Clinical Trials Logo
  1. Home
  2. Dry Eye
  3. NCT03519815
  4. Details
NCT03519815 Clinical Trial

Clinical Study to Evaluate the Efficacy of Ectoin® Containing Eye Spray for Treatment of Dry Eye Disease

Dry Eye Clinical Trial

Official title:
Prospective Randomized Study to Evaluate the Efficacy and Tolerability of Ectoin® Containing Eye Spray (EES09) and Comparison to the Liposomal Eye Spray Tears Again® (TA) in the Treatment of Dry Eye Disease

Clinical Trial Details — Status: Completed

Administrative data
NCT number NCT03519815
Other study ID # 2018-00462
Secondary ID
Status Completed
Phase N/A
First received
Last updated
Start date June 1, 2018
Est. completion date December 31, 2018

Study information
Verified date February 2019
Source University of Applied Sciences and Arts Northwestern Switzerland
Contact n/a
Is FDA regulated No
Health authority
Study type Interventional

Clinical Trial Summary

Subjective and objective evaluation of the efficacy and tolerability of preservative-free "Ectoin® Eye Spray - Colloidal" and comparison of the efficacy and tolerability between "Ectoin® Eye Spray - Colloidal" and Tears Again® in patients with mild-moderate dry eye disease

Description:

"Dry eye is a multifactorial disease of the ocular surface characterized by a loss of homeostasis of the tear film, and accompanied by ocular symptoms, in which tear film instability and hyperosmolarity, ocular surface inflammation and damage, and neuro- sensory abnormalities play etiological roles." (DEWS II Report, 2017).

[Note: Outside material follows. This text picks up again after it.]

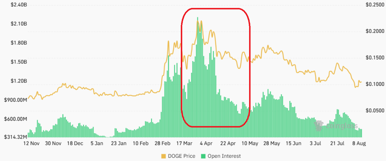 Từ ngày 20 tháng 3 đến ngày 28 tháng 3, DOGE đã trải qua đợt tăng giá 82%, đạt mức cao nhất là 0,23 USD khi lãi suất mở tương lai đạt đỉnh ở mức 2,3 tỷ USD. Các vị thế long có đòn bẩy quá mức đã dẫn đến việc thanh lý bắt buộc đáng kể khi DOGE điều chỉnh hơn 15% trong vòng năm ngày. Đợt điều chỉnh kéo dài trong ba tuần, với mức giá giảm 40% xuống còn 0,14 USD vào ngày 19 tháng 4.

For the treatment and prevention of dry eye disease (DED) there are a number of treatment modalities available, depending on the severity and classification (aqueous deficient / evaporative) of the disease. The liposomal eye spray Tears Again® (TA, Optima Medical Swiss AG - medical device with CE marking) represents an option to treat mild to moderate evaporative DED. A novel preservative-free eye spray, Ectoin® Eye Spray - Colloidal (EES09; bitop AG -medical device with CE marking), was developed, in which colloids (colloidal lecithin emulsion) serve as a carrier for Ectoin. Ectoin is known as a natural cell-protective and inflammatory-inhibiting molecule. The principle mode of action of Ectoin is based on the physical interaction of this compatible solute with water and the resulting effects of the Ectoin-Hydro-Complex on the tissue treated.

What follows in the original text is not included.